I'm trying to feed 1D numpy arrays (flattend images) via a generator into a H5py data file in order to create training and validation matrices.
The following code was adapted from a solution (can't find it now) in which the data
attribute of H5py's File
objects's create_dataset
function is provided data in the form of a call to np.fromiter
which has a generator function as one of its arguments.
from scipy.misc import imread
import h5py
import numpy as np
import os
# Creating h5 data file
f = h5py.File('../data.h5', 'w')
# Source directory for image data
src = '/datasets/aic540/train/images/'
# Showing quantity and dimensionality of data
images = os.listdir(src)
ex_img = imread(src + images[0])
flat_img = ex_img.flatten()
print "# of images is {}".format(len(images))
print "image shape is {}".format(ex_img.shape)
print "flattened image shape is {}".format(flat_img.shape)
# Creating generator to feed in data to h5py's `create_dataset` function
gen = (imread(src + i).flatten().astype(np.int8) for i in os.listdir(src))
# Creating h5 dataset
f.create_dataset(name='training',
#shape=(59482, 1555200),
data=np.fromiter(gen, dtype=np.int8))
Output:
# of images is 59482
image shape is (540, 960, 3)
flattened image shape is (1555200,)
Traceback (most recent call last):
File "process_images.py", line 30, in <module>
data=np.fromiter(gen, dtype=np.int8))
ValueError: setting an array element with a sequence.

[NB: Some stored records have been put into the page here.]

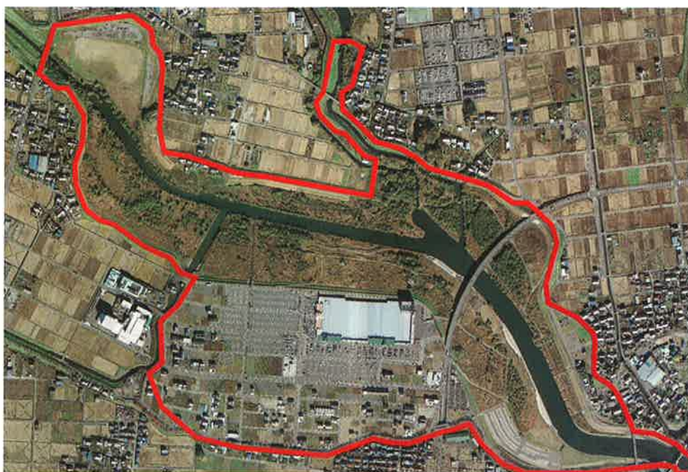
犀川堤外地土地区画整理事業
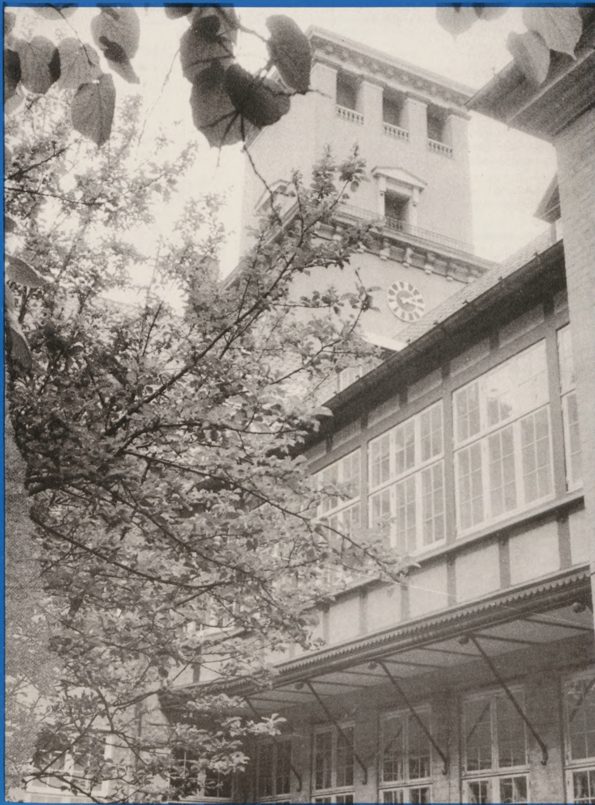
Bispegården i København med domkirken i baggrunden. Biskoppens julehilsen bringes side 167.
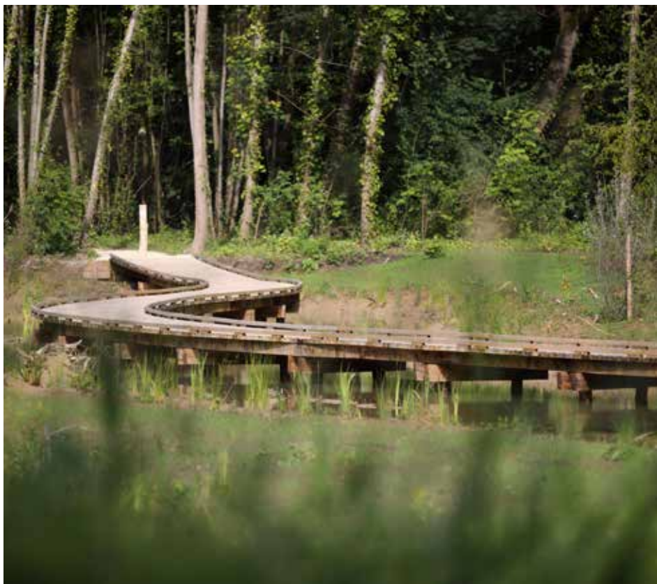
L'Île de Douvres

Coût des travaux : 685 000 € (dont 170 000 € de subvention de la Région Île-de-France, 125 000 € de l'Agence de l'eau Seine-Normandie et 100 000 € du Département de Seine-et-Marne).
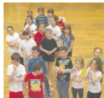
Zawodnicy z SP nr 41.
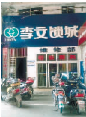
事发的李文锁城店面门口。
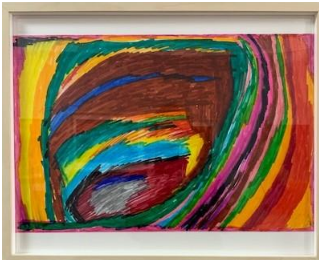
“Sin título” obra sobre papel 30x 40 cm y 40 x 50 cm Paco Forte
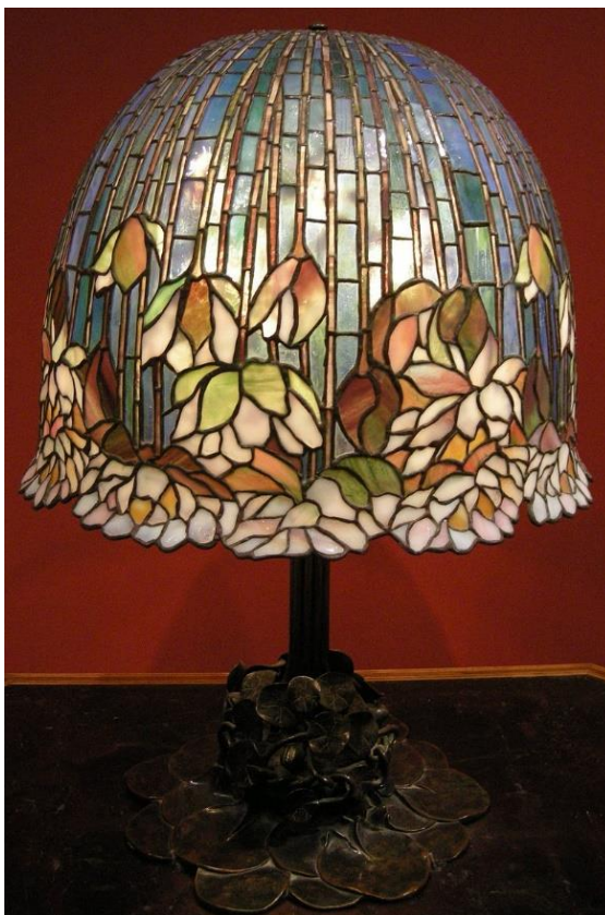
Slika 10. Louis Comfort Tiffany, svjetiljka, 1900.

Što se nakita tiče, René Lalique, Louis Comfort Tiffany i Marcel Wolfers stvorili neke od najcjenjenijih dijela na prijelaza stoljeća, proizvodeći gotovo sve, od naušnica do ogrlica, narukvica, broševa, pa se i danas Art Nouveau povezuje s luksuznim fin-de-siecle komadima.

I've read when searching for this error in this context that the problem is that np.fromiter()
needs a list and not a generator function (which seems opposed to the function that the name "fromiter" implies) -- wrapping the generator in a list call list(gen)
allows the code to run but it, of course, uses up all the memory in the expansion of this list before the call to create_dataset
is made.
How do I use a generator to feed data into an H5py data file?
If my approach is entirely wrong, what is the correct way to build a very large numpy matrix that doesn't fit in memory -- using H5py or otherwise?